Plaintiff raises one issue on appeal: “[w]hether the ALJ[’s] decision was in error in failing to properly address the [Plaintiff’s] borderline visuomotor processing speed.” (Doc. 26 at 3.) Plaintiff argues that the ALJ’s failure to address Plaintiff’s borderline

visuomotor processing speed led to an inaccurate residual functional capacity (“RFC”) determination which, in turn, curated an overinclusive or inaccurate list of available jobs in the national economy. (Id. at 5.) Specifically, Plaintiff hypothesizes that the ALJ “may have conflated processing speed” with “visuomotor processing speed” during his analysis, as each were not distinctly

discussed. (Id. at 5.) Plaintiff asserts that this potential misinterpretation is material because the jobs identified by the vocational expert (“VE”) all involve some type of assembly work and, had the ALJ “reduced the speed in which [Plaintiff] could efficiently integrate eyes and hands to complete a task,2 [the]

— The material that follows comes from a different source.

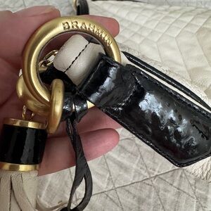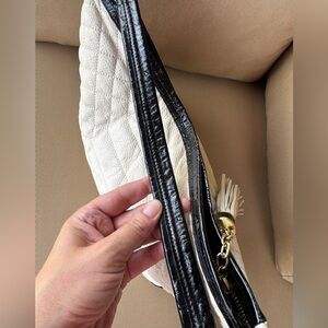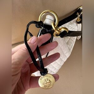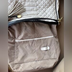 Elegant and functional, this Brahmin Kathleen slouchy hobo tote is crafted in luxe crème Florentine quilted leather with black trim. Features a soft, relaxed silhouette, gold-tone hardware, and signature tassel detail. Spacious interior makes it ideal for everyday use, while the sophisticated color combo elevates any outfit.
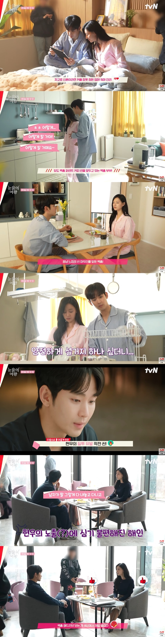 24일 유튜브 채널 'tvN drama'에는 '[메이킹] 백홍 신혼쀼 모먼트 모아모아♥ 달달함 치사량 초과 13-14화 비하인드 (2) (feat. 충치주의) #눈물의여왕 EP.14' 영상이 게재됐다.

VE may have eliminated the jobs offered, and[,] given the other limitations, all other work.” (Id.) B. The ALJ’s Decision To determine if Plaintiff continues to be disabled, the ALJ must follow a

seven-step evaluation process. (20 C.F.R. § 416.994.) At step one, the ALJ must determine whether Plaintiff has an impairment or combination of impairments which meets or medically equals the criteria of an impairment listed in 20 C.F.R. Part 404, Subpart P, Appendix

1. (20 C.F.R. §§ 416.920(d), 416.925, 416.926.) If Plaintiff does, her disability continues. (20 C.F.R. § 416.994(b)(5)(i).) At step two, the ALJ must determine whether medical improvement has occurred (20 C.F.R. §416.994(b)(5)(ii).). Medical improvement is any decrease

2 Note that, in her brief, Plaintiff does not cite to any external source supporting her definition of borderline visuomotor processing speed and/or any effects that may manifest regarding her ability to assemble items. (Id.) in medical severity of the impairment(s) as established by improvement in symptoms, signs and/or laboratory findings. (20 C.F.R. § 416.994(b)(1)(i).) If

medical improvement has occurred, the analysis proceeds to the third step. (Tr. 679.) If not, the analysis proceeds to the fourth step. (Id.) At step three, the ALJ must determine whether medical improvement is related to the ability to work. (20 C.F.R. § 416.994(b)(5)(iii).) Medical

improvement is related to the ability to work if it results in an increase in Plaintiff’s capacity to perform basic work activities. (20 C.F.R. § 416.994(b)(1)(iii).). If it does, the analysis proceeds to the fifth step. (Tr. 679.) At step four, the ALJ must determine if an exception to medical

improvement applies (20 C.F.R. § 416.994(b)(5)(iv).). There are two groups of exceptions. (20 C.F.R.